Continueremo, pertanto, ad essere sul pezzo, con la speranza di poter presto annunciare che Swag sia riuscita a rimettersi in pari con i tempi e a saldare il dovuto a tutti gli attuali creditori.

1 commento

  1. Diego1 e basta

    Mi sto ammalando a causa di SWAG. Dopo lunghe fatiche e una importante perdita di salute (e loro lo sanno bene), ho riceuto sì i primi due bonifici (il mese scorso – Gennaio 2025) e mi avevano garantito che mi avrebbero fatto altri bonifici ogni mese con regolarità fino alla restituzione della somma che ho richiesto.

    In teoria mi avrebbero dovuto fare il terzo bonifico la settimana scorsa (prima settimana di febbraio 2025) e il quarto questa settimana… ma mi hanno prima risposto di spiegare meglio la situazione che non stavano capendo (come se non avessimo avuto uno scambio di email e PEC per tutto il mese) e poi mi hanno detto che il bonifico lo avrei visto giovedì 6/2/25 assicurandomi che ear stato programmato per quel giorno ma oggi che è il 11/2/25 non ho ancora saputo niente.

    A dicembre mi avevano suggerito di convertire i miei BTC in EUR per averli prima (stiamo parlando della prima metà di dicembre 2024) per poi scoprire solo dopo (e dopo aver chiesto conferma) che non mi avrebbero dato l’intera somma subito ma nel giro di circa 9 mesi circa.

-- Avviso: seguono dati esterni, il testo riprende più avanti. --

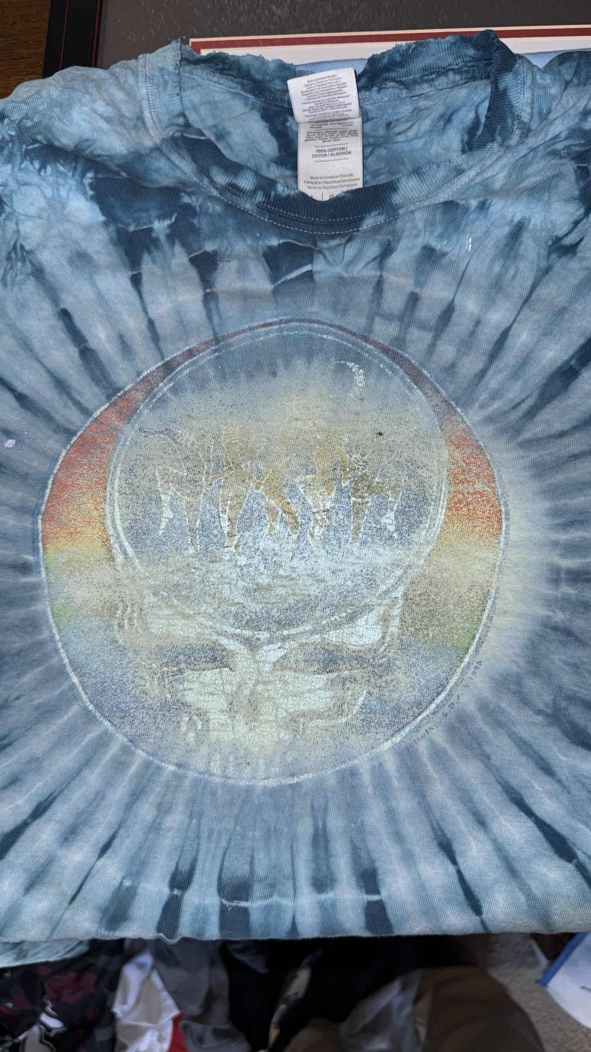 Vintage 1996 Grateful Dead Steal Your Face Rainbow Dancer Tie Dye Tshirt / 90... Rainbows · T-shirts · 1990s Fashion ABOUT: Cool soft and broken in 1998 Tina Carpenter designed blue tie dye Steal Your Face variation with rainbow dancers on the front. TAG: No tag ... Shirt is definitely worn and you can tell its had its fair share of better days, however the shirt is in great shape for being as old as it is and there are no major condition issues that are noticeable. Feel free to ask any questions if you’d like and i will get back to you as soon as I can. Thanks for looking 👀👀

    Questo mi ha generato importanti problemi di salute e comporterà ulteriori perdite economiche (tra le tasse e il bollo che mi hanno costretto a dover pagare, le fee per il cambio BTC – EUR, le fee per ogni bonifico – sempre se mai mi arriveranno – e considerando i costi per le spese mediche tra visite, esami, medicine… arriviamo al momento ad un danno di almeno 50.000€ persi senza calcolare il danno psicologico).

    Io posso testimoniare questo (tra le cose buone e brutte). Spero che questo mese si ravvedano presto e che non continuino a scrivermi che mi faranno sapere. Purtroppo le mie recensioni sono per forza di cose negative.

    Mi è stato restituito il 10% circa del valore (meno le tasse che dovrò pagare – al momento sono in negativo – e le fee trattenute per avermi fatto fare il cambio BTC-EUR promettendo che li avrei ricevuti prima).

    È anche vero che sono stato molto paziente fino a questo punto e ho voluto dare fiducia. Ma ormai sto iniziando a perdere la pazienza oltre che la salute.

    Infine mi chiedo se li avessi tenuti in BTC (invece di convertirli in EUR “per averli prima”), me li avrebbero restituiti tra 5 o 10 anni?